WHAT YOU SHOULD DO: Leave the pictures in the listing below aside and reproduce exactly the lines starting with the one with "凈重:0.6Kg 整機(jī)尺寸:180×34×144mm(寬×高×深) 配件:說明書、電源適配器、合格證" and going on through the one with "Дневник 1-4 класс", both ends included.

SUPPLIED RECORDS:
******************************
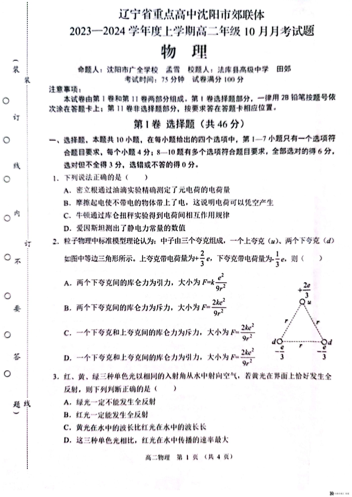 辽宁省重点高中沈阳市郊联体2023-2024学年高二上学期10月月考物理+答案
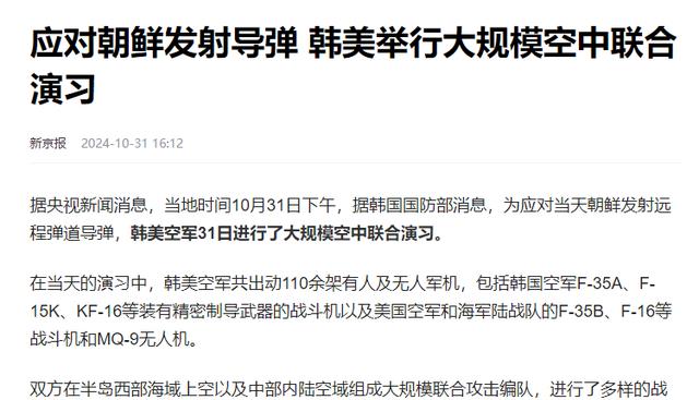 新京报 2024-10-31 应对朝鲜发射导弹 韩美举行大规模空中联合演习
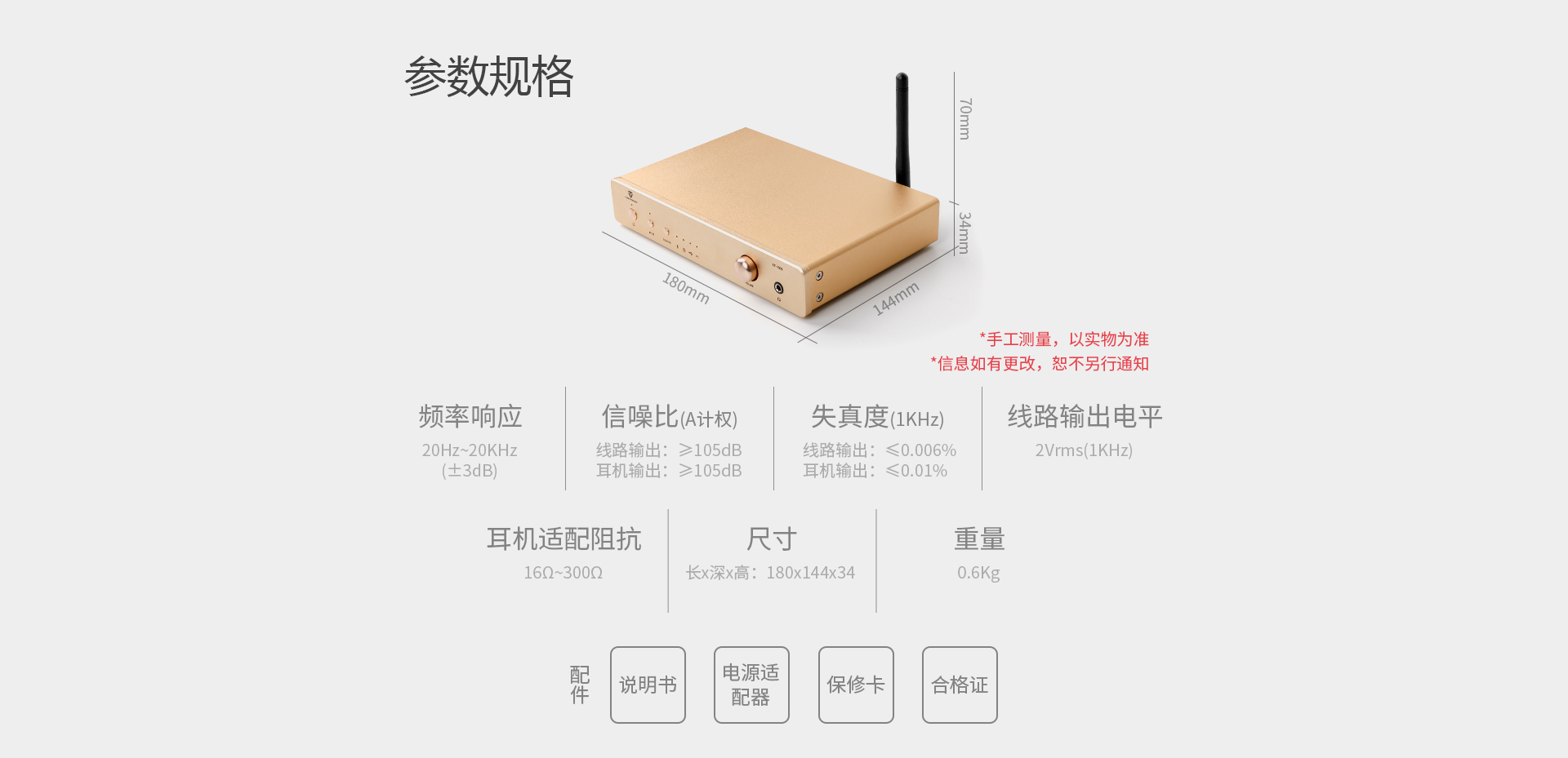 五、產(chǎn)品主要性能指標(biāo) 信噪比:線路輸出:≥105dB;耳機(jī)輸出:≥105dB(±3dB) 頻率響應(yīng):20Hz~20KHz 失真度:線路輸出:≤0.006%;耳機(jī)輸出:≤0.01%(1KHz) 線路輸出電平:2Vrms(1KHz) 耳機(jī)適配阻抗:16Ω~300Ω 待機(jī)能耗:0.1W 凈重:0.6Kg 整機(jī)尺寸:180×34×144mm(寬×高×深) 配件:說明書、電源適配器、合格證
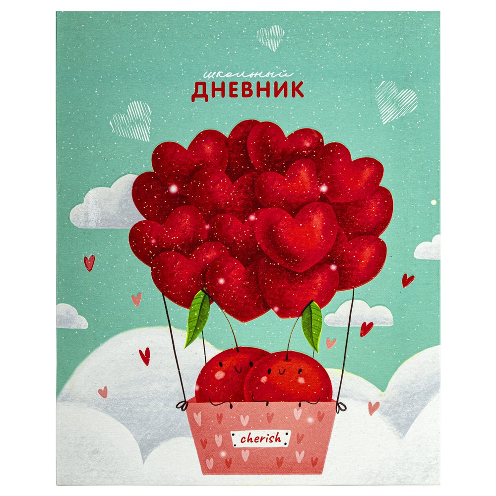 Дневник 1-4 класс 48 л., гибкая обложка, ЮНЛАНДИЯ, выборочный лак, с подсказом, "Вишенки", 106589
******************************
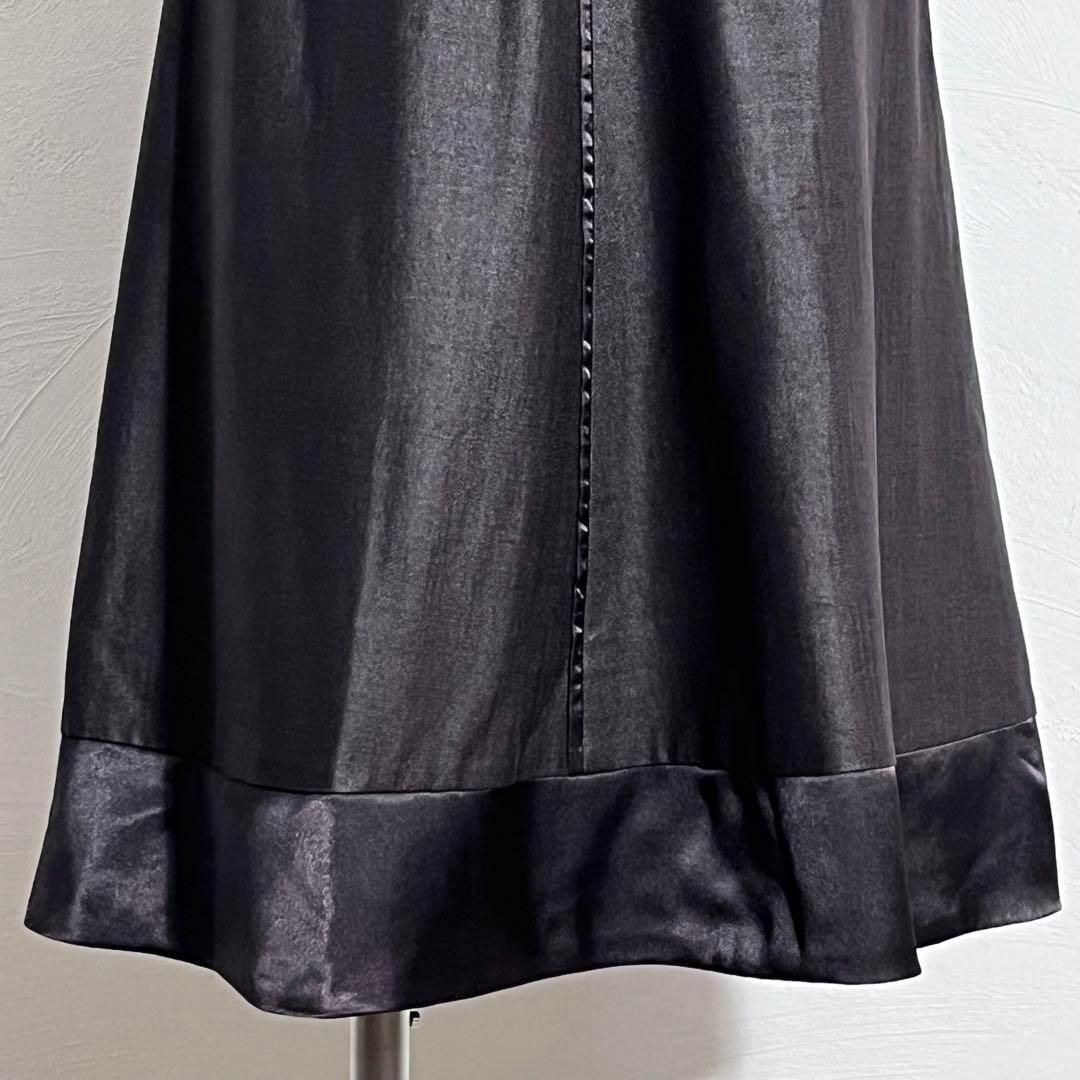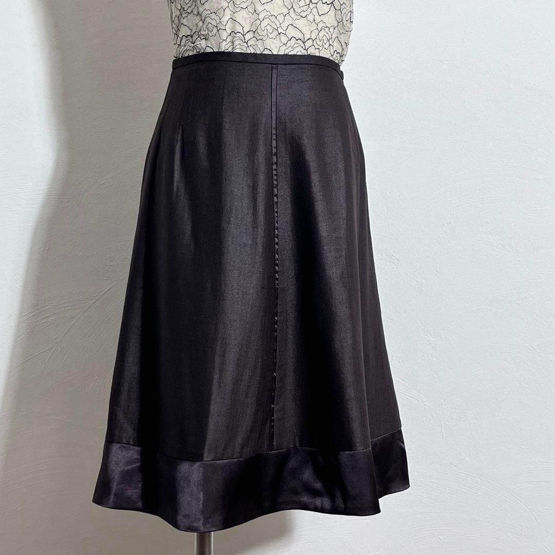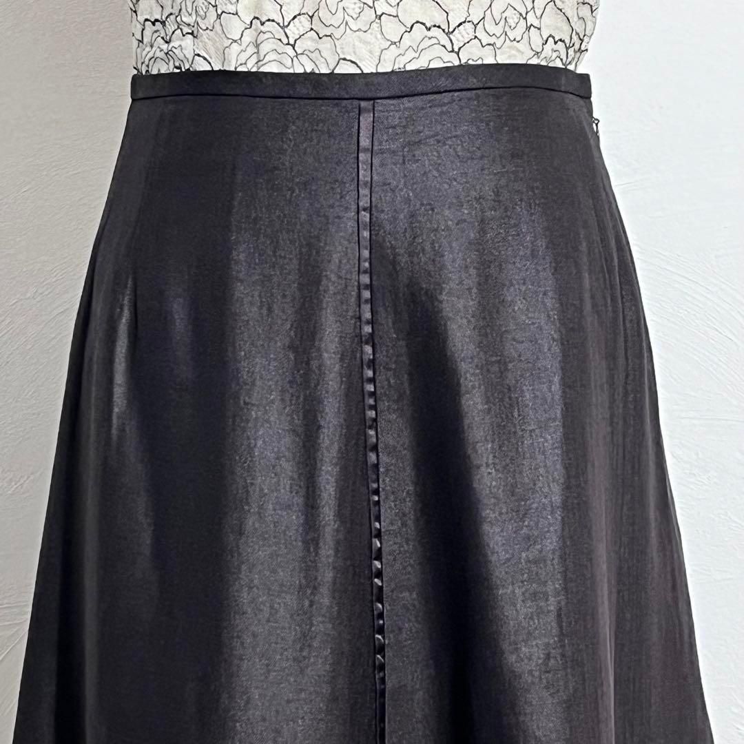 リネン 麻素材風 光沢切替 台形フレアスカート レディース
******************************
OUTPUT OF THE EXERCISE:
 五、產(chǎn)品主要性能指標(biāo) 信噪比:線路輸出:≥105dB;耳機(jī)輸出:≥105dB(±3dB) 頻率響應(yīng):20Hz~20KHz 失真度:線路輸出:≤0.006%;耳機(jī)輸出:≤0.01%(1KHz) 線路輸出電平:2Vrms(1KHz) 耳機(jī)適配阻抗:16Ω~300Ω 待機(jī)能耗:0.1W 凈重:0.6Kg 整機(jī)尺寸:180×34×144mm(寬×高×深) 配件:說明書、電源適配器、合格證
 Дневник 1-4 класс 48 л., гибкая обложка, ЮНЛАНДИЯ, выборочный лак, с подсказом, "Вишенки", 106589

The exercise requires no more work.